Сегодня я ночую в поселке у коммуниста Оглоблина. Бревнистый и неповоротливый человек, этот малый, несмотря на свою сухость, – тонкая бестия. Он учился в партийной школе.
Я ему говорю:
– Начальник особого отряда Багровский.
– Вы партийный? – спрашивает он.
Я делаю изумленное лицо и намекающе повторяю:
– Я – начальник особого отряда.
Я ударяю на слове «особого» – начальник «особого» уж наверное партийный.
Оглоблин сразу переходит на «ты». Я тоже. Он интересуется и застает меня врасплох:
– Случайно к нам или по делам?
Я едва даю ему окончить и тоже спрашиваю о Павлике.
– Ты о Медведеве, что работает в Олечье, уведомлял?
– Да. Мне, товарищ Багровский, не нравится его линия.
– По-твоему, чрезмерно «нажимает»?
– Я и сам жму. Но как и на кого. А ведь он, выходит, измеряет имущественное положение мужиков на сантиметры: девять сантиметров – середняк, а десять уж кулак.
– По-твоему, как же? – спрашиваю я. Оглоблин решает, что я прислан испытать его «кредо». Он оживляется и излагает свой взгляд.

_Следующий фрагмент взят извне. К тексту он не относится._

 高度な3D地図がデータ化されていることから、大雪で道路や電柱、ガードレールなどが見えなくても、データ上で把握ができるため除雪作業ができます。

Оглоблин до полуночи развивал мне свою теорию. С задачи «перерождения крестьянства» он перешел на задачу «перерождения мира». Я попытался узнать его мнение о «военной опасности».
Подумав, он отрубил:
– Несомненная. Ты разве не видишь, что на нас натравливают всякую сволочь, чтоб найти повод к войне. Ведь ты подумай, товарищ Багровский, когда мы у себя иной раз тяпнем голову какому-нибудь контрреволюционеру, вся сволочевая «культурная Европа» вопит, топает ногами, свистит, грозит нам. За всякую сволочь грозит. А сама она, «культурная Европа», наши полпредства грабит. А сама эта «культурная Европа» наших послов убивает да благочестиво сваливает на «частное лицо». Да, впрочем, это что. Это еще все же крупное дело. А вот ведь «культурная Европа» докатилась теперь до ремесла фальшивомонетчиков и подделывает червонцы, документы и прочее.
Он на минуту умолк, внимательно оглядел меня в моем красноармейском одеянии и уже спокойно заключил:
– Война будет. Всю их подлость мы будем терпеть твердо. Н…но – тяпнем. Ох, и тяпнем… Не то руки – голова к чертовой матери отскочит…

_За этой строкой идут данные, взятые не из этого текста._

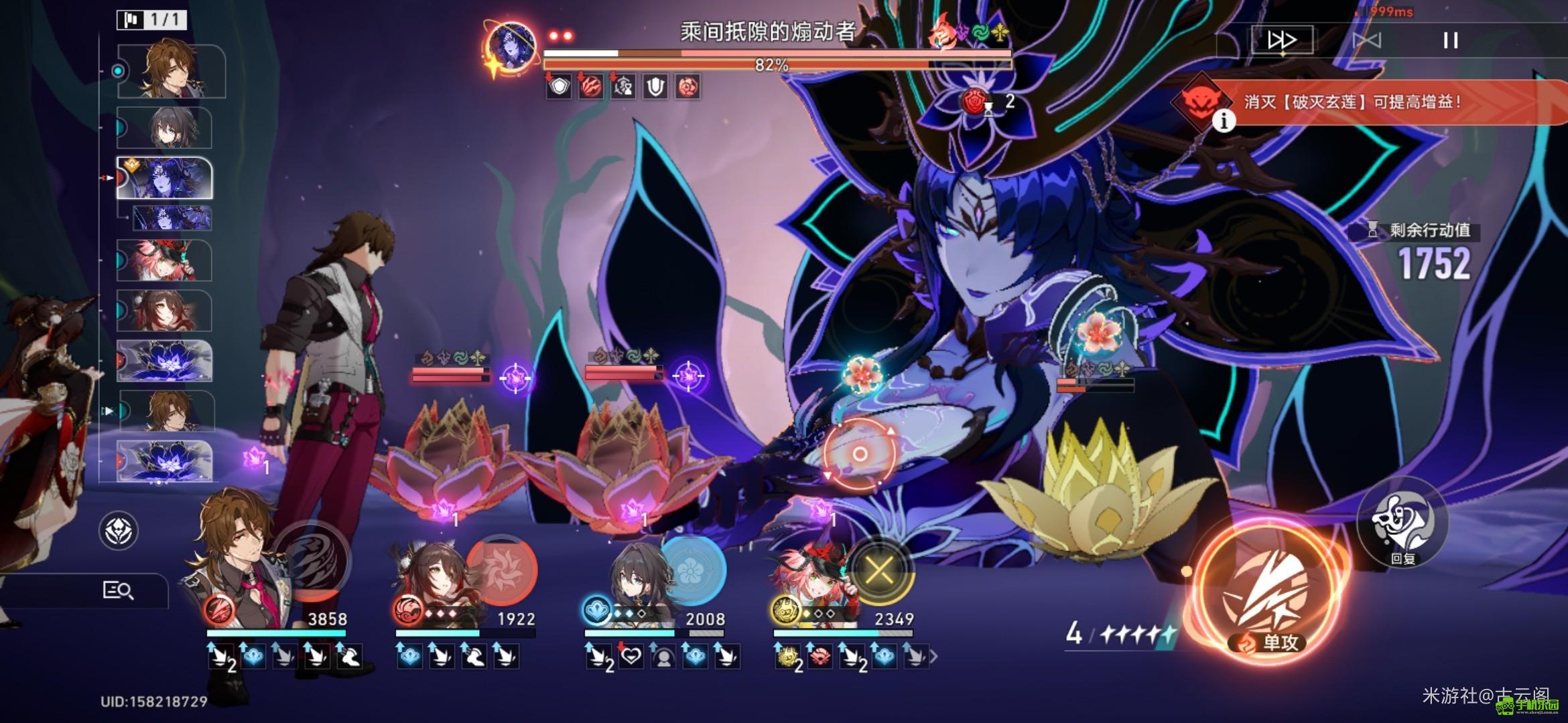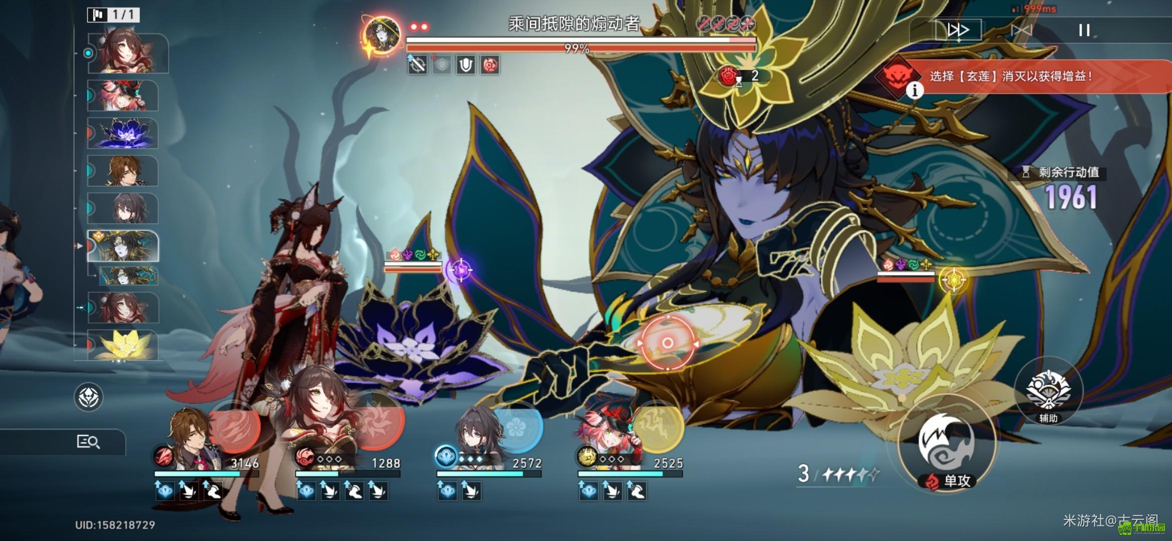 - 后续推进:击破首个小怪后,火力转向主怪,乱破群攻顺带清理剩余目标;期间若血量低于70%,优先击杀刷新的黑莲,能量不足则击杀金莲,保持“破韧→击退→集火”的良性循环,第一幕可在4回合内结束战斗。

В одиннадцать у меня свидание с Павликом. В запасе – час. Я хочу посмотреть Царя – Волжина. У меня есть кое-какие виды на него.
Мы кончаем ужинать. Оглоблин ест мои консервы, мое сало, мое консервированное молоко. Хвалит:
– Вам сытнее. У нас подчас живот режет от проса. Ну, да годок-другой, а там откормимся.
Он ложится отдохнуть: помещается он на квартире у столяра и спит на верстаке.
– Ну, мал, и нажрался я сегодня. Пелагея Федоровна, – кричит он хозяйке, – ты приготовь бечевку, а то как пупок расстегнется…
Прибегает какой-то обтрепанный мальчишка лет десяти и орет из двери. Орет по-взрослому:
– Оглоблин, ждут. Чего околачиваешься?
– Брысь. Ах ты, кацап, – с притворной угрозой рычит на него Оглоблин. Потом одевается и уходит, бросив напоследок:
– Теперь, товарищ Багровский, тебе понятно, почему я с Медведевым в контрах? Его политика похожа на политику партии так же, как и чемберленовская.
Мысленно я восклицаю:
«Мне-то понятно. Поймешь ли ты?»
Должное – должному: Оглоблин сильный и умный парень. Меня поражает огненность их энергии. Раньше когда-то я думал – большевики будут гореть огнем революции год-два. Потом затухнут. Жизнь сама собой станет на прежнюю тропу. Что-то нечеловеческое – «гореть» двенадцать лет во имя того, чего еще не было и нет, во имя какого-то далекого, призрачного «рая на земле».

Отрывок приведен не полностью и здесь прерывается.